And so the question continues, at what precise point did a certain creature begin to face an overload of information?

From here, it would seem most realistic to deduce that there was not necessarily any one specific moment or species that singularly faced such an overload.

Rather, that consciousness developed through a gradual process of acquiring and retaining more and more evolutionarily beneficial information.

A process that is certainly still unfolding, and is perhaps catalyzing itself, through the abundance of information that we find accessible in today’s world.

woman in the dessert

#2: Consciousness Today — How Did We Get Here?

Information, and too much of it. The origin of consciousness.

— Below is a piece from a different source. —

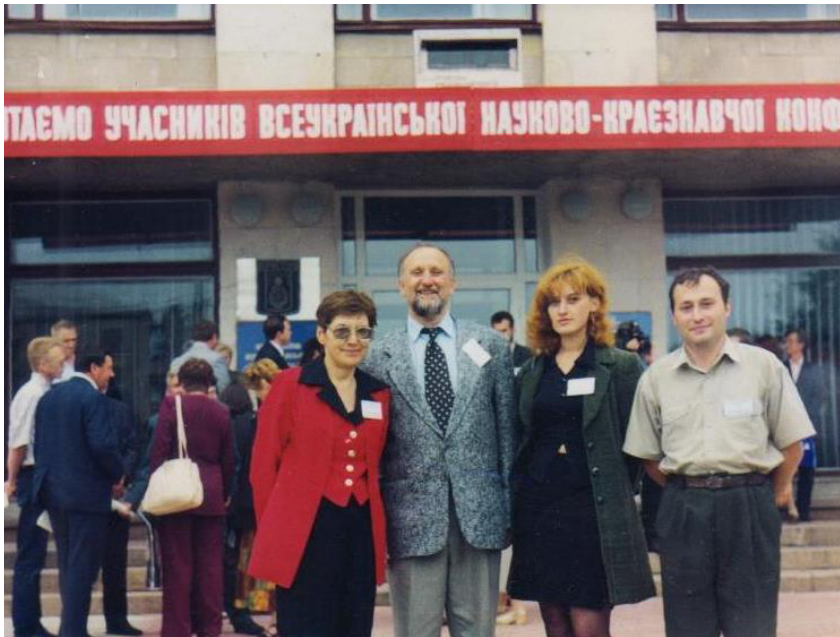
На науково-краєзнавчій конференції у Коростені, 2002 р.

But, we still want to understand the history of consciousness, and how we have ended up where we are today.

To do this, we must take ourselves back some 300 million years.

Between 300 and 350 million years ago, a rather profound happening began to unfold, as it would pertain to the origins and history of consciousness.

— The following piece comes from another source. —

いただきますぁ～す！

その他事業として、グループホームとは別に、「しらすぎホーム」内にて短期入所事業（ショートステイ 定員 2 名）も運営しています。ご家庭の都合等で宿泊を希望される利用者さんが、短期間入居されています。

The development of the wulst, or cerebral cortex

As birds and mammals split from a common reptilian ancestor, both began to develop what has been coined a wulst.

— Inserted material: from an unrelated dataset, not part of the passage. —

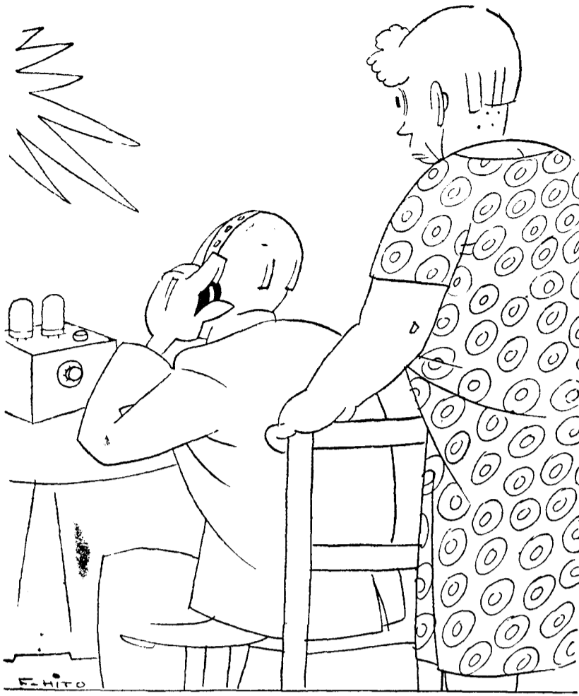
—Espera un poco, Milagritos. Aún no sé si es la voz de Saborit o es música de baile.

In mammals, the development would continue significantly, ultimately becoming what we now refer to as the cerebral cortex.

With the development of the cerebral cortex, so coincides the development of covert attention. Where covert attention refers to, simply put one’s ability to understand and process information pertaining to something that they are not specifically paying direct attention.

As covertly attentive creatures then begin to develop social groups, the complexities of daily life begin to magnify. Individuals begin to study other individuals, not only in an attempt to understand the other but also in an attempt to understand the self.

human language

The Introduction to Language

As this process continues to unfold a naturally occurring desire to share the gathered information manifests.

That is, it becomes evolutionarily beneficial to ensure that the entirety of the social group is operating under the same basis of information.

Language is born

The relationship between language and consciousness is often debated, but we can be sure of at least this much: once we developed language, we could talk about consciousness and compare notes.

We could say out loud,

I’m conscious of things. So is she. So is he. So is that damn river that just tried to wipe out my village.

— Michael Graziano

Stupid river.

Although we have no way of necessarily knowing exactly when language was developed, we can know that it dates back to at least our earliest written recordings. The Sumerians began recording language as early as 3300 BC.

One could further infer, that in order for a group of individuals to get together, and as a group, move to an entirely new location. That they then must have at the very least possessed some form of language-based communication, such that they could weigh their pros and cons and come to an agreement.

This would take us back around 70 thousand years, when ‘people’ first began to spread across the globe.

Even if we are not entirely sure when exactly it is that language became a common practice, we can hold this certainty nonetheless.

Language is precisely how we have arrived where we are today.

The origins and history of consciousness, have brought us all to a place of questioning and openly discussing said consciousness with one another.